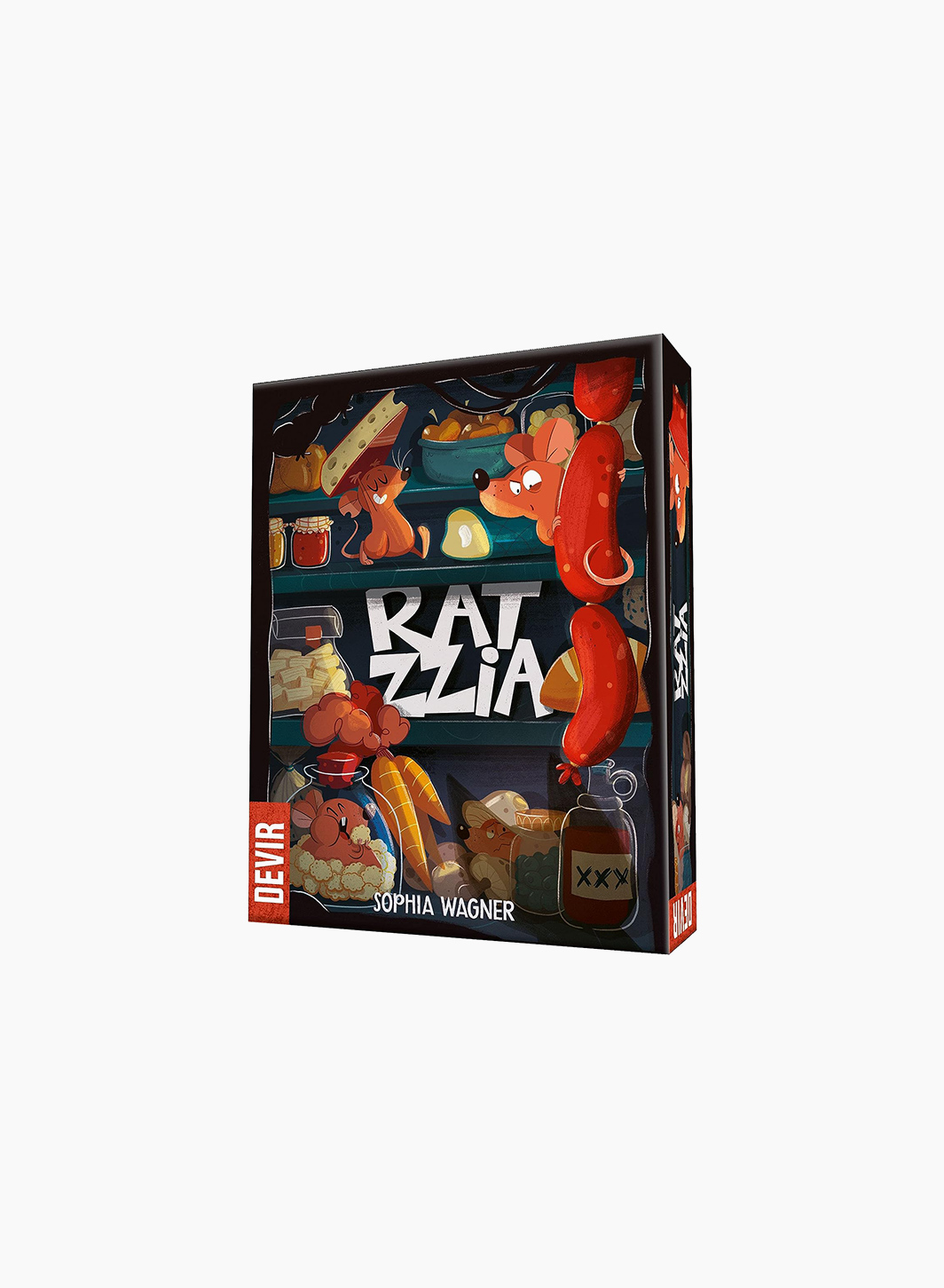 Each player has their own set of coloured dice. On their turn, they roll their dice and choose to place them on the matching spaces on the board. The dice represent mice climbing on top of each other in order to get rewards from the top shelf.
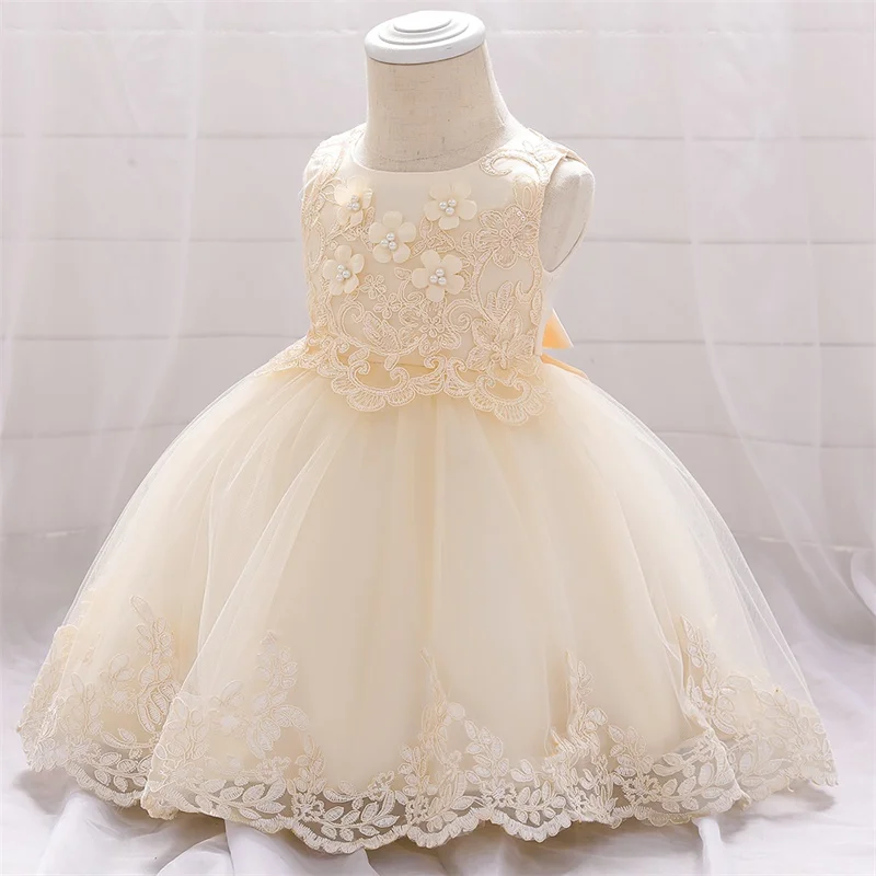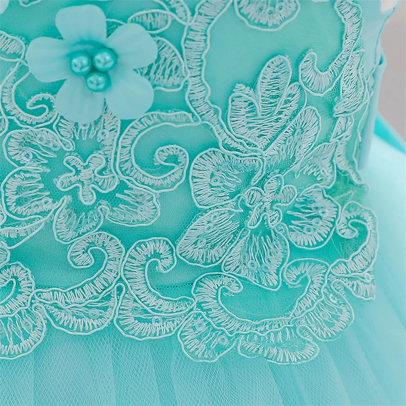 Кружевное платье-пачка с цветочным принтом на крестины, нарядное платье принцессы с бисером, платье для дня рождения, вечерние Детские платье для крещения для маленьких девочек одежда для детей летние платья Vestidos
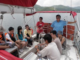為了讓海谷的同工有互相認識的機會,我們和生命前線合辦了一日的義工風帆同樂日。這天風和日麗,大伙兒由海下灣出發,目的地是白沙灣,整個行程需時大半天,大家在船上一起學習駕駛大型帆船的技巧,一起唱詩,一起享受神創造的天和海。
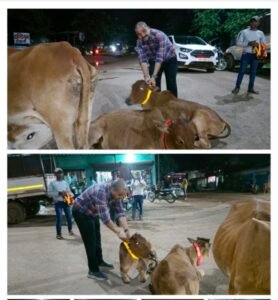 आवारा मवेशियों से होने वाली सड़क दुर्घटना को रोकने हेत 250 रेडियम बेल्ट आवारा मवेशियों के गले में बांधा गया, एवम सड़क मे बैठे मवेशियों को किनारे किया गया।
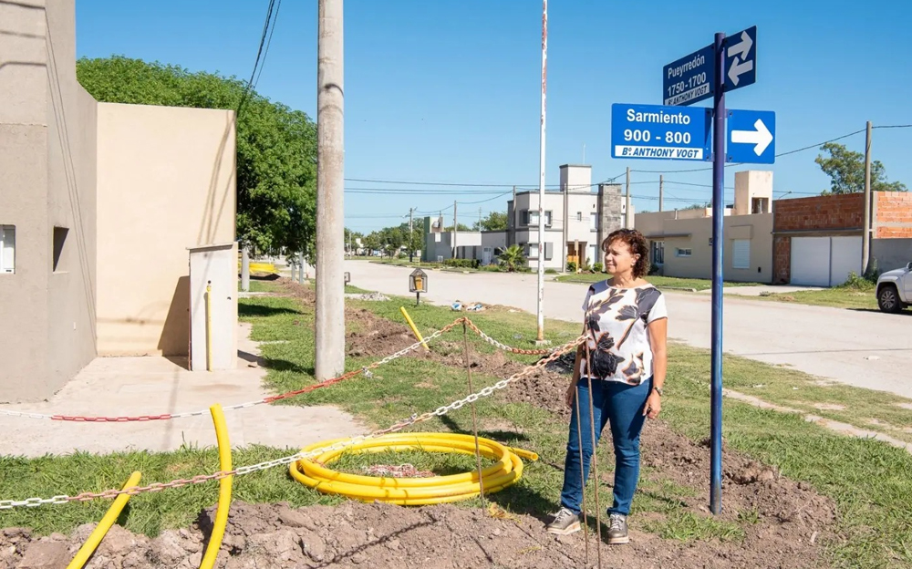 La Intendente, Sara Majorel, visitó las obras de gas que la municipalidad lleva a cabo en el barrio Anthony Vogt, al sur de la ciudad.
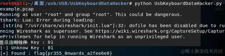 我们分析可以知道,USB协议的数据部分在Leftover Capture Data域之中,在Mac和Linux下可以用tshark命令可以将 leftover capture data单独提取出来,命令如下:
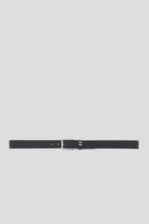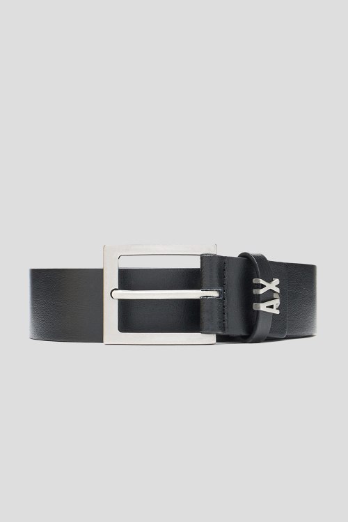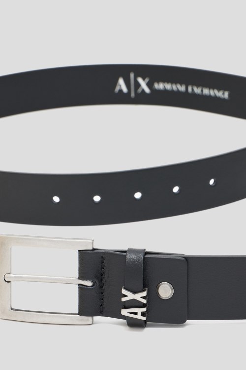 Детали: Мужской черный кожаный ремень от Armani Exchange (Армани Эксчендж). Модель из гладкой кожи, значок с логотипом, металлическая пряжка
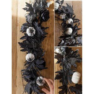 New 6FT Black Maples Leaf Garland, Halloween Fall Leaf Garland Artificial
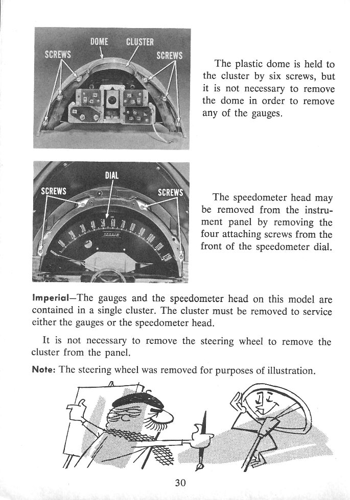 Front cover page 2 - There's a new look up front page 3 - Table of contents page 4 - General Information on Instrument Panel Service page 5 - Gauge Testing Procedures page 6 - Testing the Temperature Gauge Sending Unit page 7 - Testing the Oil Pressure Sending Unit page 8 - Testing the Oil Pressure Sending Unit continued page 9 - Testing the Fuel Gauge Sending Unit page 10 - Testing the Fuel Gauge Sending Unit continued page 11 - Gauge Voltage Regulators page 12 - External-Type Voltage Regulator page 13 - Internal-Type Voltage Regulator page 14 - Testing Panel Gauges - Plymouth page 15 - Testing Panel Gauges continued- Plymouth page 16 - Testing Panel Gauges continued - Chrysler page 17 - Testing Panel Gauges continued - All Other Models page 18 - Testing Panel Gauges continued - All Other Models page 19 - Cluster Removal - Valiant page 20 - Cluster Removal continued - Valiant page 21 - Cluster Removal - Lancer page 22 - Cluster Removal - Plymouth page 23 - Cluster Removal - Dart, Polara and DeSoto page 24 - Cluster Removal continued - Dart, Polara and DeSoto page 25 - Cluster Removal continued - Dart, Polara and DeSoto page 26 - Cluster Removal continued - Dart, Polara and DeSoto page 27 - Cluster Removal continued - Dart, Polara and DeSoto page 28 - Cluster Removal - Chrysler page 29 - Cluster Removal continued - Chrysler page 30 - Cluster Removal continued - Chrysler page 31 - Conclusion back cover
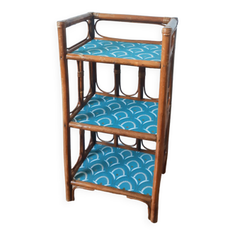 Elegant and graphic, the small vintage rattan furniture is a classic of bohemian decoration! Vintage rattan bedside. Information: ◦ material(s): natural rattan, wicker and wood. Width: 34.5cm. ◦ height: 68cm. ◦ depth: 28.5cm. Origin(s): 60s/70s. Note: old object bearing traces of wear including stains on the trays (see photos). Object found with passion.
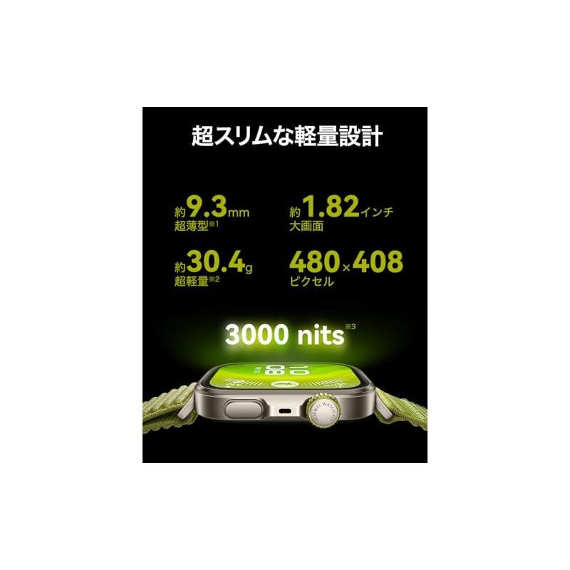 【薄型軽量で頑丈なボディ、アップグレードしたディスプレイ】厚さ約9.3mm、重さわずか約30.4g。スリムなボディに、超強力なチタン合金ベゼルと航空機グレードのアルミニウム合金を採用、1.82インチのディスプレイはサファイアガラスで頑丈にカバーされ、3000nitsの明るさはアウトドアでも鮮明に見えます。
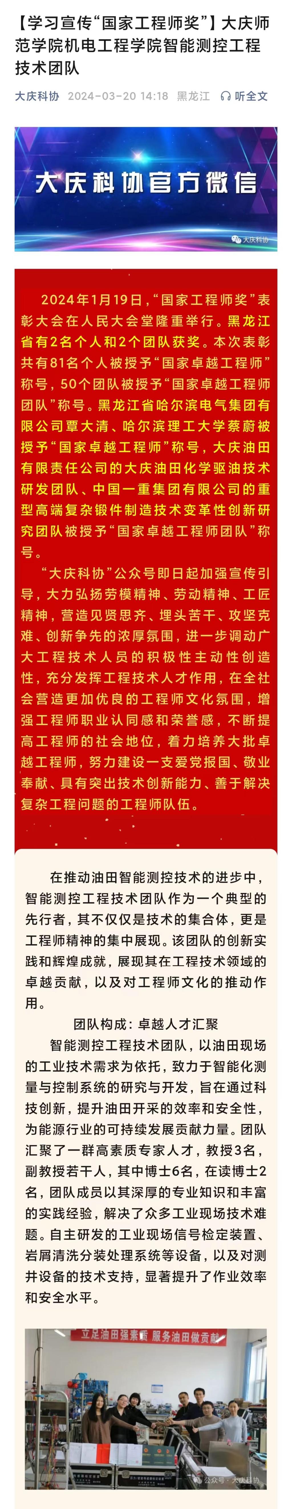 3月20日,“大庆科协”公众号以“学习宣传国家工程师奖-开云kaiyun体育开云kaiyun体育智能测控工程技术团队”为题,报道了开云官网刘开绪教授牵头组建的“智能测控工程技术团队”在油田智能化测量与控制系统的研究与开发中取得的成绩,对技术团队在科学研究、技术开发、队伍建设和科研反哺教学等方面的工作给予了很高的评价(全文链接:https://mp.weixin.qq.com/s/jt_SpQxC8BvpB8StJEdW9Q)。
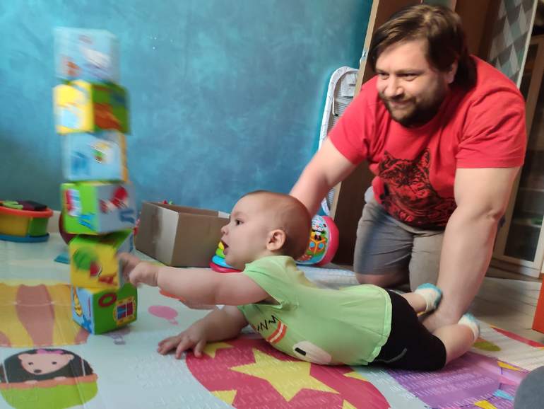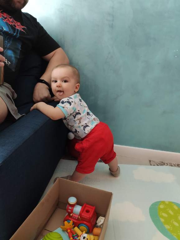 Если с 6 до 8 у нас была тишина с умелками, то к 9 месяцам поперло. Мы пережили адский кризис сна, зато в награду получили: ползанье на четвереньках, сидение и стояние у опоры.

********************

**Task item**
Copy each entry exactly, with no pictures.

**Solved exercise**
 Each player has their own set of coloured dice. On their turn, they roll their dice and choose to place them on the matching spaces on the board. The dice represent mice climbing on top of each other in order to get rewards from the top shelf.
 Кружевное платье-пачка с цветочным принтом на крестины, нарядное платье принцессы с бисером, платье для дня рождения, вечерние Детские платье для крещения для маленьких девочек одежда для детей летние платья Vestidos
為了讓海谷的同工有互相認識的機會,我們和生命前線合辦了一日的義工風帆同樂日。這天風和日麗,大伙兒由海下灣出發,目的地是白沙灣,整個行程需時大半天,大家在船上一起學習駕駛大型帆船的技巧,一起唱詩,一起享受神創造的天和海。
 आवारा मवेशियों से होने वाली सड़क दुर्घटना को रोकने हेत 250 रेडियम बेल्ट आवारा मवेशियों के गले में बांधा गया, एवम सड़क मे बैठे मवेशियों को किनारे किया गया।
 La Intendente, Sara Majorel, visitó las obras de gas que la municipalidad lleva a cabo en el barrio Anthony Vogt, al sur de la ciudad.
 我们分析可以知道,USB协议的数据部分在Leftover Capture Data域之中,在Mac和Linux下可以用tshark命令可以将 leftover capture data单独提取出来,命令如下:
 Детали: Мужской черный кожаный ремень от Armani Exchange (Армани Эксчендж). Модель из гладкой кожи, значок с логотипом, металлическая пряжка
 New 6FT Black Maples Leaf Garland, Halloween Fall Leaf Garland Artificial
 Front cover page 2 - There's a new look up front page 3 - Table of contents page 4 - General Information on Instrument Panel Service page 5 - Gauge Testing Procedures page 6 - Testing the Temperature Gauge Sending Unit page 7 - Testing the Oil Pressure Sending Unit page 8 - Testing the Oil Pressure Sending Unit continued page 9 - Testing the Fuel Gauge Sending Unit page 10 - Testing the Fuel Gauge Sending Unit continued page 11 - Gauge Voltage Regulators page 12 - External-Type Voltage Regulator page 13 - Internal-Type Voltage Regulator page 14 - Testing Panel Gauges - Plymouth page 15 - Testing Panel Gauges continued- Plymouth page 16 - Testing Panel Gauges continued - Chrysler page 17 - Testing Panel Gauges continued - All Other Models page 18 - Testing Panel Gauges continued - All Other Models page 19 - Cluster Removal - Valiant page 20 - Cluster Removal continued - Valiant page 21 - Cluster Removal - Lancer page 22 - Cluster Removal - Plymouth page 23 - Cluster Removal - Dart, Polara and DeSoto page 24 - Cluster Removal continued - Dart, Polara and DeSoto page 25 - Cluster Removal continued - Dart, Polara and DeSoto page 26 - Cluster Removal continued - Dart, Polara and DeSoto page 27 - Cluster Removal continued - Dart, Polara and DeSoto page 28 - Cluster Removal - Chrysler page 29 - Cluster Removal continued - Chrysler page 30 - Cluster Removal continued - Chrysler page 31 - Conclusion back cover
 Elegant and graphic, the small vintage rattan furniture is a classic of bohemian decoration! Vintage rattan bedside. Information: ◦ material(s): natural rattan, wicker and wood. Width: 34.5cm. ◦ height: 68cm. ◦ depth: 28.5cm. Origin(s): 60s/70s. Note: old object bearing traces of wear including stains on the trays (see photos). Object found with passion.
 【薄型軽量で頑丈なボディ、アップグレードしたディスプレイ】厚さ約9.3mm、重さわずか約30.4g。スリムなボディに、超強力なチタン合金ベゼルと航空機グレードのアルミニウム合金を採用、1.82インチのディスプレイはサファイアガラスで頑丈にカバーされ、3000nitsの明るさはアウトドアでも鮮明に見えます。
 3月20日,“大庆科协”公众号以“学习宣传国家工程师奖-开云kaiyun体育开云kaiyun体育智能测控工程技术团队”为题,报道了开云官网刘开绪教授牵头组建的“智能测控工程技术团队”在油田智能化测量与控制系统的研究与开发中取得的成绩,对技术团队在科学研究、技术开发、队伍建设和科研反哺教学等方面的工作给予了很高的评价(全文链接:https://mp.weixin.qq.com/s/jt_SpQxC8BvpB8StJEdW9Q)。
 Если с 6 до 8 у нас была тишина с умелками, то к 9 месяцам поперло. Мы пережили адский кризис сна, зато в награду получили: ползанье на четвереньках, сидение и стояние у опоры.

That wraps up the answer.